## DIRECTIONS
Retype the records below exactly as given, but only from the first line through the line with "悠悠球手套是解锁双悠悠球玩法", and without the pictures.

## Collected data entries
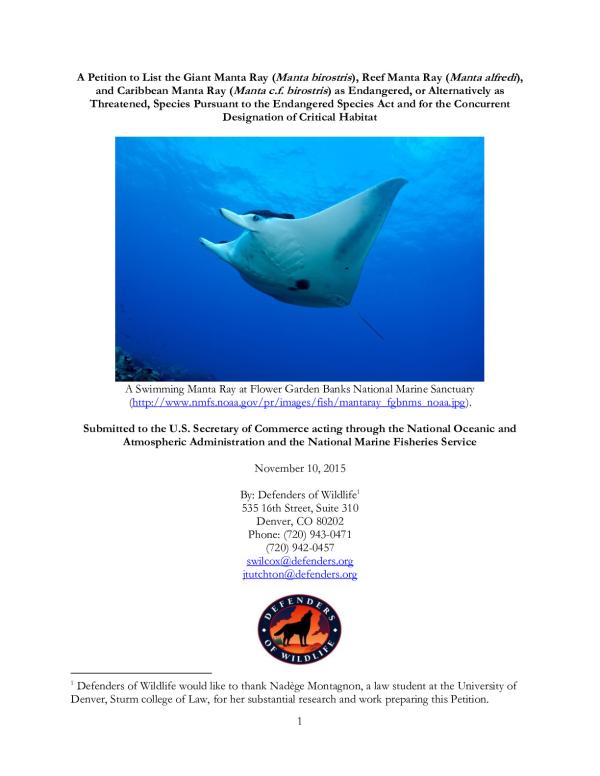 Petitioner Defenders of Wildlife (Defenders) is dedicated to the protection of all native animals and plants in their natural communities. With more than 1.2 million members, supporters, and activists, Defenders is a leading advocate for the protection of threatened and endangered species. Defenders 2013-2023 Strategic Plan identifies sharks and other elasmobranchs as one of several categories of key species whose conservation is a priority for our organizations work
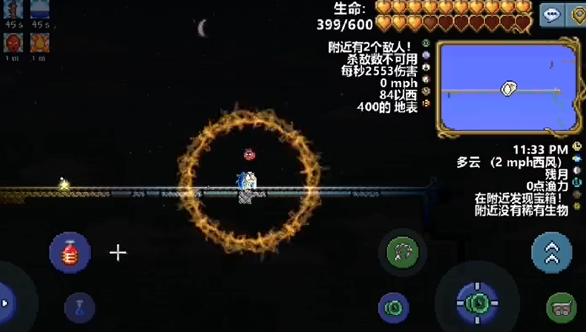 悠悠球手套是解锁双悠悠球玩法的关键,需在困难模式下从骷髅商人处以50金币购买,装备后可在主悠悠球命中敌人时生成复制体协同攻击。若搭配平衡锤,每次攻击可额外触发两个平衡锤射弹,实现四段伤害。而毁灭者徽章由复仇者徽章与石巨人之眼合成,提供暴击率和伤害加成,进一步优化输出。天界壳则综合了天界石与月亮贝壳的属性,全面提升角色的近战能力与生存能力。
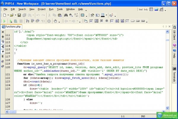 Один из лучших PHP-редакторов. Содержит огромное количество функций. Среди них есть совершенно особенная функция отладки PHP-скриптов, аналогов которой я не видел. Теперь процесс отладки скриптов стал такой же как в популярных интегрированных средах программирования (Delphi, Visual C++). Есть пошаговая отладка, вывод значений переменных. Программа включает в себя мини веб-сервер, а также дистрибутивы PHP5 и PHP4, руководства по PHP, Mysql. Более того, установив у себя на сервере специальный PHP-модуль, вы сможете удаленно отлаживать скрипты прямо на сервере! Есть встроенный ftp-клиент и клиент баз данных.
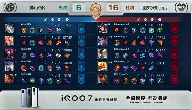 双方平稳开局。1分50秒上路团战,佛山GK打出1换2,兰陵王拿下一血。3分30秒裴擒虎拿下主宰,橘右京拿下暴君。4分钟下路团战,佛山GK推掉下路一塔,鲁班大师被击杀。5分20秒重庆QGhappy入侵野区,裴擒虎被击杀。5分30秒李元芳推掉下路一塔。6分20秒野区团战,重庆QGhappy打出1换2。7分钟,裴擒虎拿下主宰。7分30秒橘右京拿下暴君。9分10秒上路团战,佛山GK打出1换2。9分50秒河道团战,重庆QGhappy打出1换2。10分26秒橘右京被击杀。10分40秒裴擒虎拿下主宰。11分10秒橘右京拿下暴君。15分20秒裴擒虎拿下主宰。15分50秒中路团战,双方1换1。16分35秒裴擒虎拿下暴君。19分05秒下路团战,双方1换1。19分50秒下路团战,佛山GK打出1换3。20分30秒重庆QGhappy边路高地塔被破。21分钟裴擒虎拿下风暴龙王。21分45秒狄仁杰推掉中路高地塔。22分16秒佛山GK推掉水晶扳回一分。
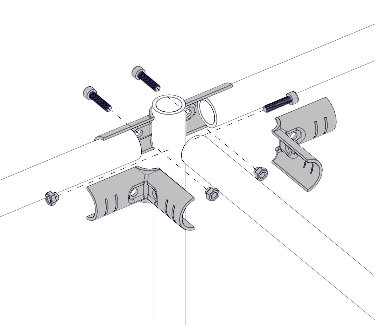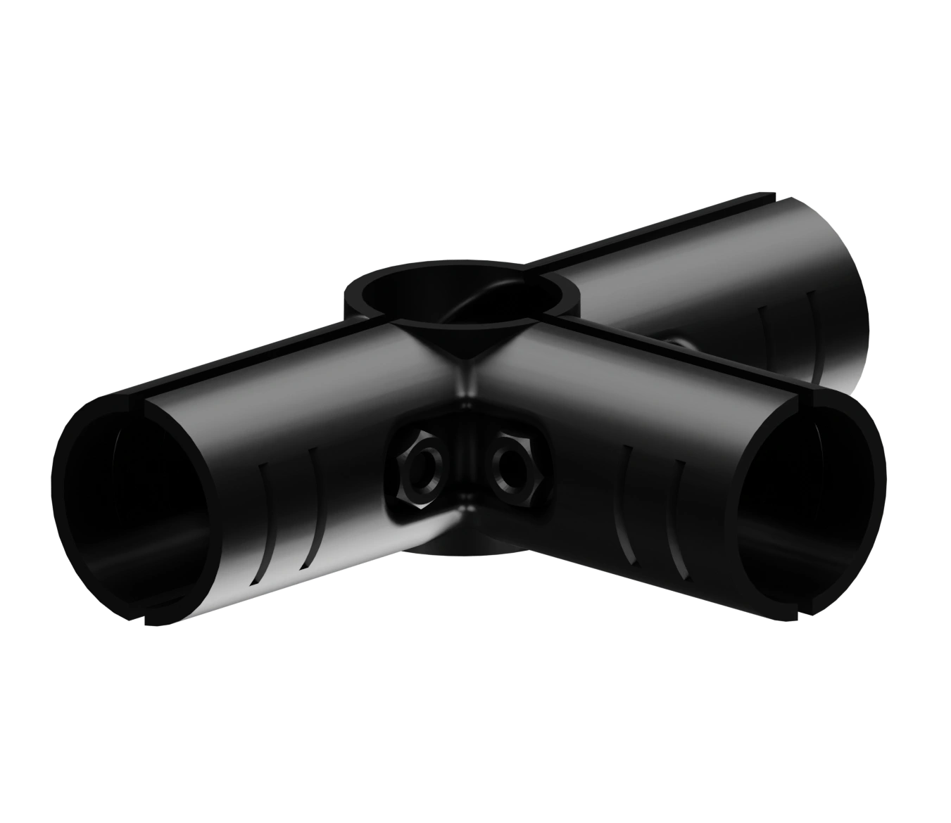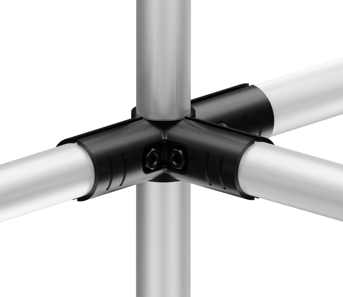 Используется совместно с алюминиевым трубным профилем D 28 мм в модульной трубной системе, которая представляет собой набор соединителей, роликовых направляющих (рольгангов) и других вспомогательных компонентов, позволяющих быстро изготовить специальные виды стационарного и мобильного оборудования и приспособлений, применимых на складе, сборочном производстве, таких как гравитационные стеллажи, тележки, рабочие столы и станции с возможностью их быстрой настройки, модификации.
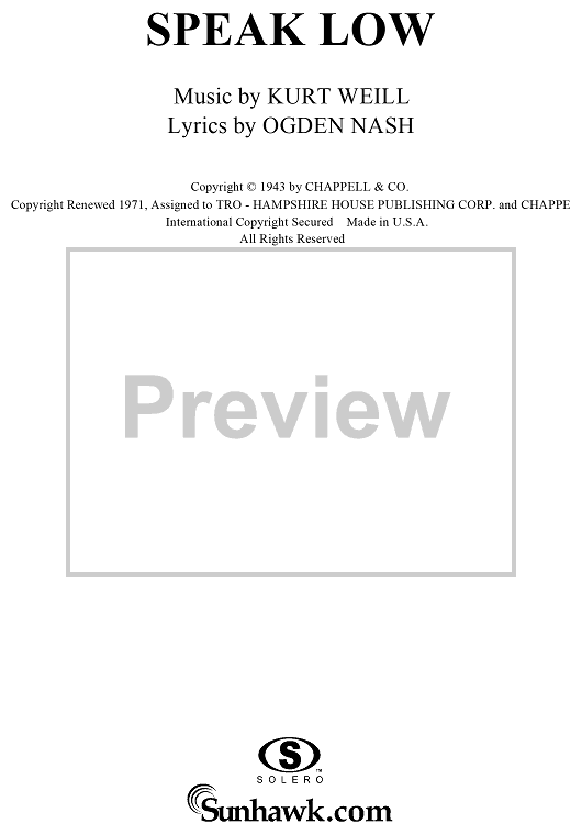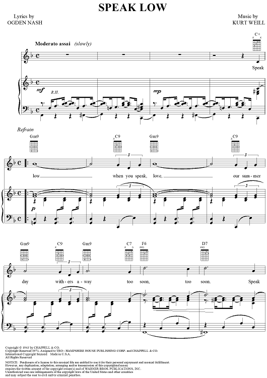 Digital Sheet Music for Speak Low by Frank Sinatra, Guy Lombardo, Ogden Nash, Kurt Weill scored for Piano/Vocal; id:113629

## SOLUTION TO THE EXERCISE
 Petitioner Defenders of Wildlife (Defenders) is dedicated to the protection of all native animals and plants in their natural communities. With more than 1.2 million members, supporters, and activists, Defenders is a leading advocate for the protection of threatened and endangered species. Defenders 2013-2023 Strategic Plan identifies sharks and other elasmobranchs as one of several categories of key species whose conservation is a priority for our organizations work
 悠悠球手套是解锁双悠悠球玩法的关键,需在困难模式下从骷髅商人处以50金币购买,装备后可在主悠悠球命中敌人时生成复制体协同攻击。若搭配平衡锤,每次攻击可额外触发两个平衡锤射弹,实现四段伤害。而毁灭者徽章由复仇者徽章与石巨人之眼合成,提供暴击率和伤害加成,进一步优化输出。天界壳则综合了天界石与月亮贝壳的属性,全面提升角色的近战能力与生存能力。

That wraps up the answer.